[Exercise description]: Skip the images and print the listing exactly.

[Data section]:
+--
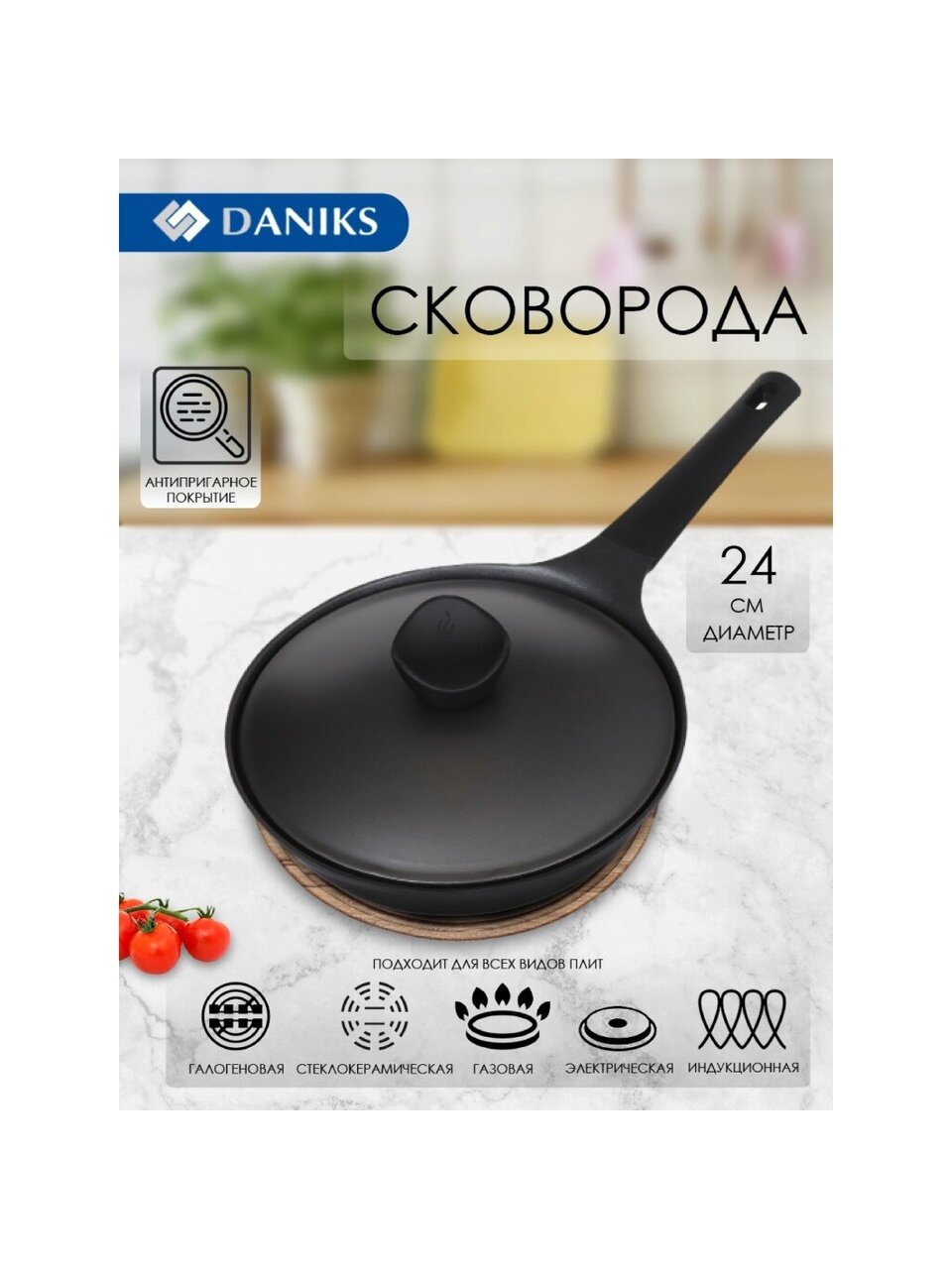 Сковорода Daniks Shoven 24 см — литой алюминий, тефлоновое покрытие, крышка, подходит для индукции. Готовьте без пригорания и хлопот!
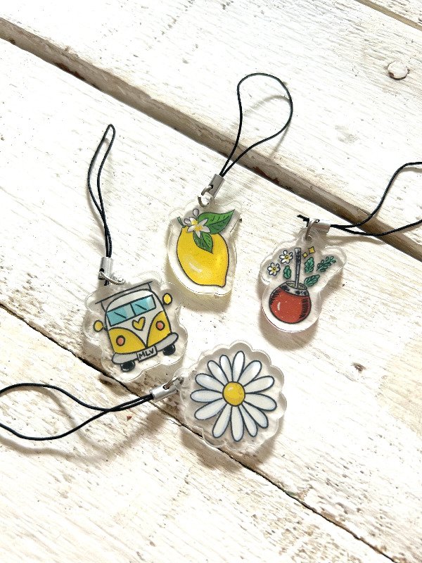 • Dije colgante de acrílico ilustrado a mano por @mlvvirtual a elección: matecito, margarita, kombi o limón (elegís vos el que más te guste!)
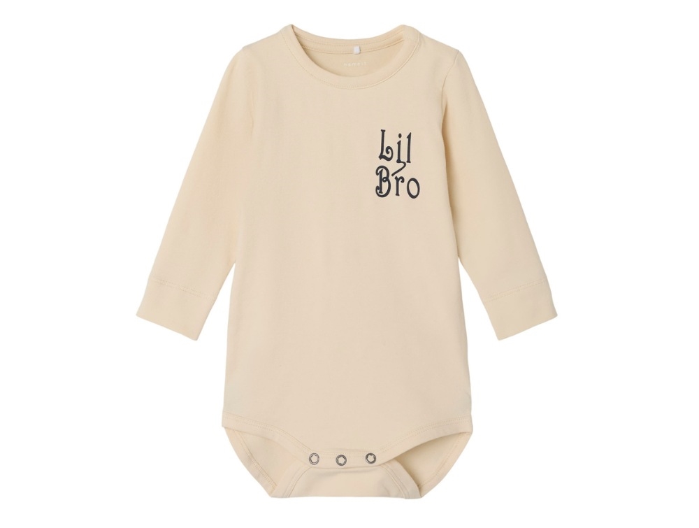 **Bodysuit in off-white (white swan) with "lil bro" print from Name It.**
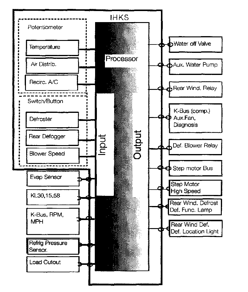 The air flow is adjusted by a 360° potentiometer. The flaps are controlled by 3 stepper motors (bus) that operate the defroster, face vent and footwell flaps. Flap control is dependent on the position of the air distribution knob as well as the position of the temperature knob.
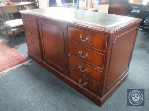 A mahogany office sideboard fitted three cupboards and inset green leather panel
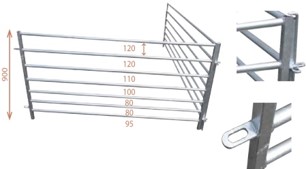Mit Trogausschnitt Höhe: 900 mm, 7 Rohre 26,9x20 mm mit Bodentränkeausschnitt Verschiedene Abmessungen: leichte Horde (Abtrennung) L: 1200 mm leichte Horde (Abtrennung) L: 2400 mm leichte Horde (Abtrennung) L: 3000 mm
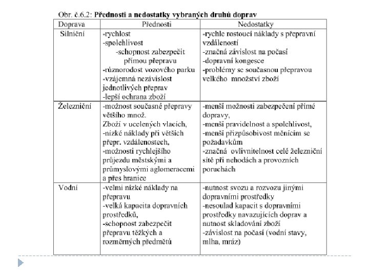 Základní vlastnosti vybraných druhů dopravy
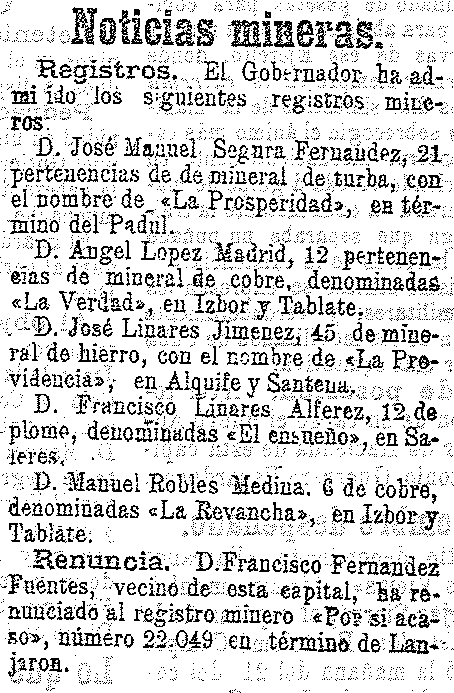 4 de enero de 1900. Concesiones mineras en Ízbor y Tablate
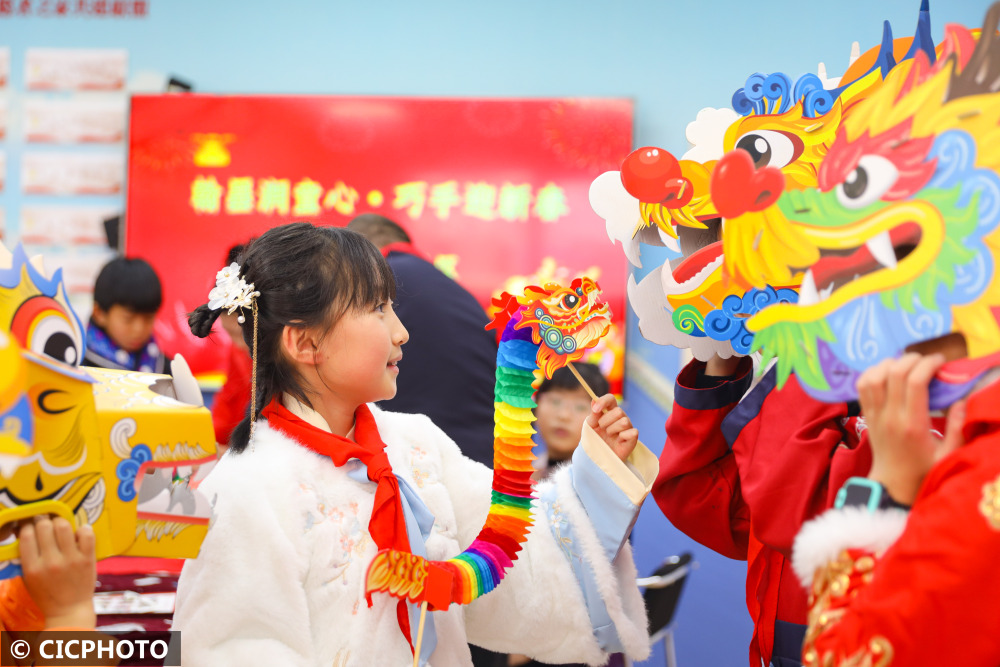 ↑2024年1月29日,在山东省青岛市李沧区李村街道北山社区新时代文明实践站,小学生在展示龙年饰品。CICPHOTO/张鹰 摄
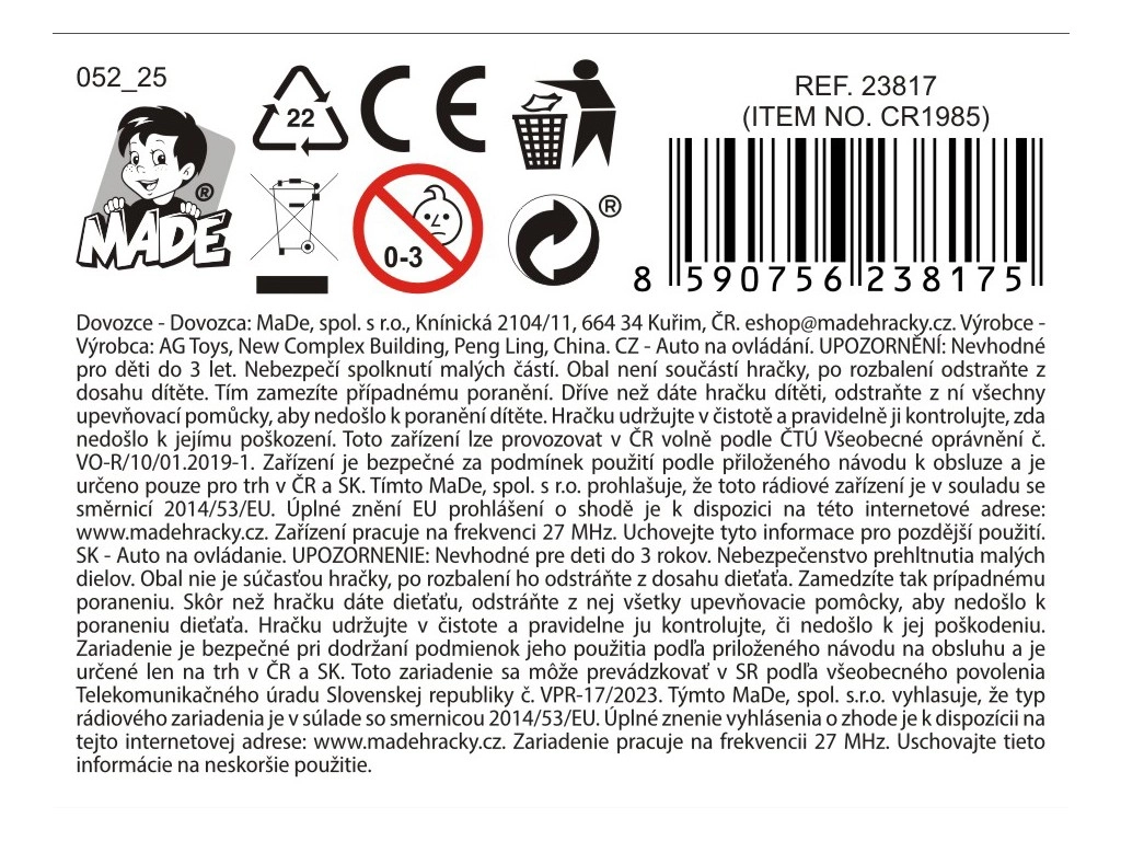 Il modello è realizzato in plastica di qualità, resistente all’uso quotidiano, e viene fornito in una pratica scatola per riporlo o per regalarlo. Basta inserire le batterie e il divertimento può iniziare: ideale per gare in casa e pomeriggi avventurosi con gli amici.
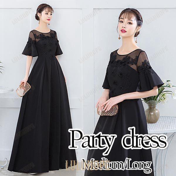 ロングドレス 演奏会 着痩せ パーティードレス ブラック 黒 レディース ロング丈 結婚式 母親 ドレス お呼ばれ 袖あり 大人 ピアノ 発表会 大きいサ
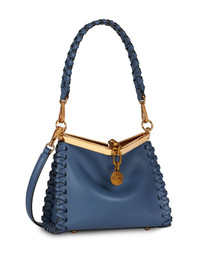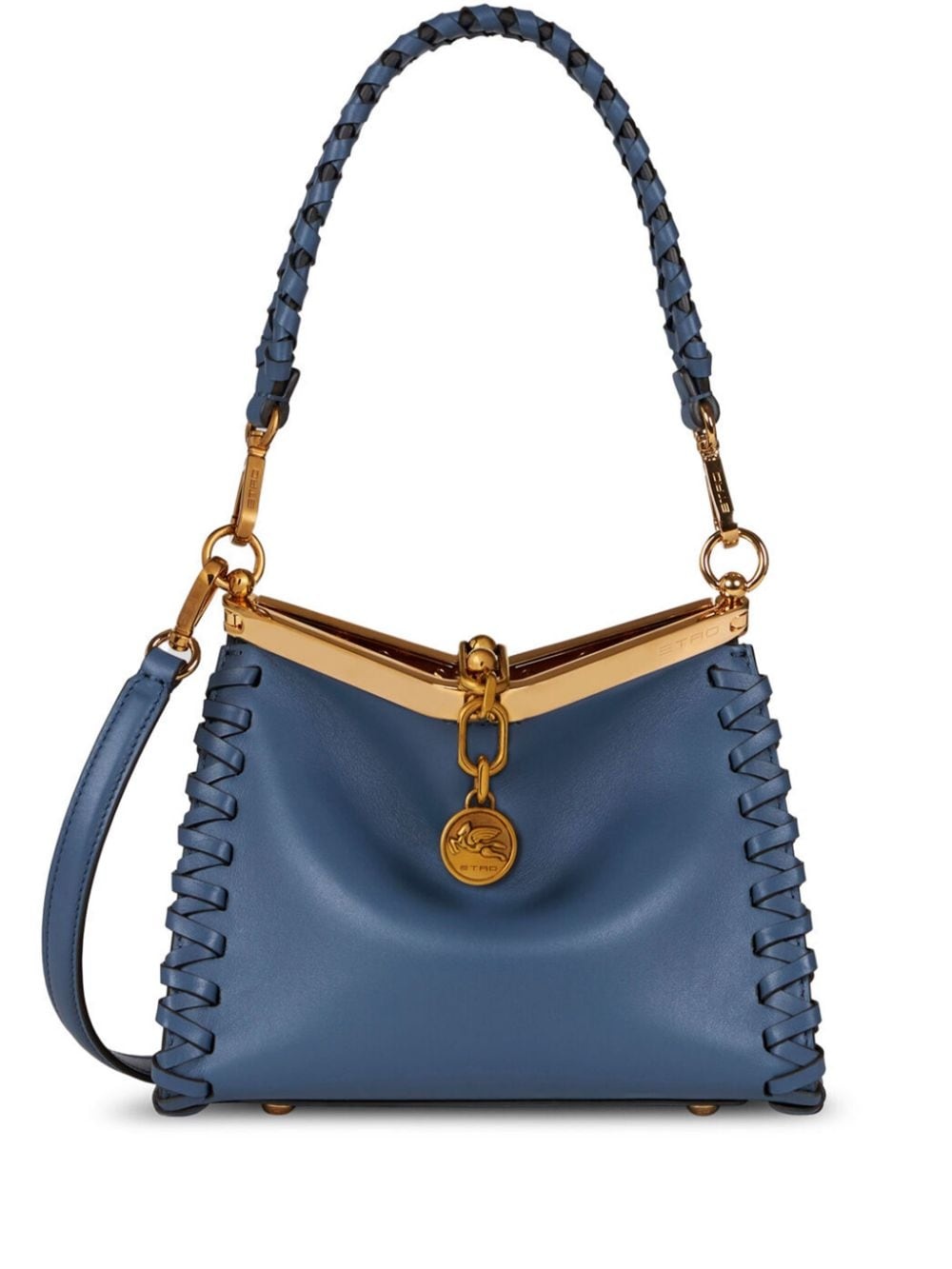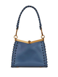 small Vela shoulder bag Highlights - Blue - Calf leather - Braid detailing - Logo charm - Clasp fastening - Single detachable top handle - Detachable shoulder strap - Main compartment Made in Italy Composition Outer: Calf Leather 100% SIZE & FIT Measurement DEPTH 3.54 in(9 cm) HEIGHT 6.29 in(16 cm) WIDTH 8.26 in(21 cm)
+--
[Exercise response]:
 Сковорода Daniks Shoven 24 см — литой алюминий, тефлоновое покрытие, крышка, подходит для индукции. Готовьте без пригорания и хлопот!
 • Dije colgante de acrílico ilustrado a mano por @mlvvirtual a elección: matecito, margarita, kombi o limón (elegís vos el que más te guste!)
 **Bodysuit in off-white (white swan) with "lil bro" print from Name It.**
 The air flow is adjusted by a 360° potentiometer. The flaps are controlled by 3 stepper motors (bus) that operate the defroster, face vent and footwell flaps. Flap control is dependent on the position of the air distribution knob as well as the position of the temperature knob.
 A mahogany office sideboard fitted three cupboards and inset green leather panel
Mit Trogausschnitt Höhe: 900 mm, 7 Rohre 26,9x20 mm mit Bodentränkeausschnitt Verschiedene Abmessungen: leichte Horde (Abtrennung) L: 1200 mm leichte Horde (Abtrennung) L: 2400 mm leichte Horde (Abtrennung) L: 3000 mm
 Základní vlastnosti vybraných druhů dopravy
 4 de enero de 1900. Concesiones mineras en Ízbor y Tablate
 ↑2024年1月29日,在山东省青岛市李沧区李村街道北山社区新时代文明实践站,小学生在展示龙年饰品。CICPHOTO/张鹰 摄
 Il modello è realizzato in plastica di qualità, resistente all’uso quotidiano, e viene fornito in una pratica scatola per riporlo o per regalarlo. Basta inserire le batterie e il divertimento può iniziare: ideale per gare in casa e pomeriggi avventurosi con gli amici.
 ロングドレス 演奏会 着痩せ パーティードレス ブラック 黒 レディース ロング丈 結婚式 母親 ドレス お呼ばれ 袖あり 大人 ピアノ 発表会 大きいサ
 small Vela shoulder bag Highlights - Blue - Calf leather - Braid detailing - Logo charm - Clasp fastening - Single detachable top handle - Detachable shoulder strap - Main compartment Made in Italy Composition Outer: Calf Leather 100% SIZE & FIT Measurement DEPTH 3.54 in(9 cm) HEIGHT 6.29 in(16 cm) WIDTH 8.26 in(21 cm)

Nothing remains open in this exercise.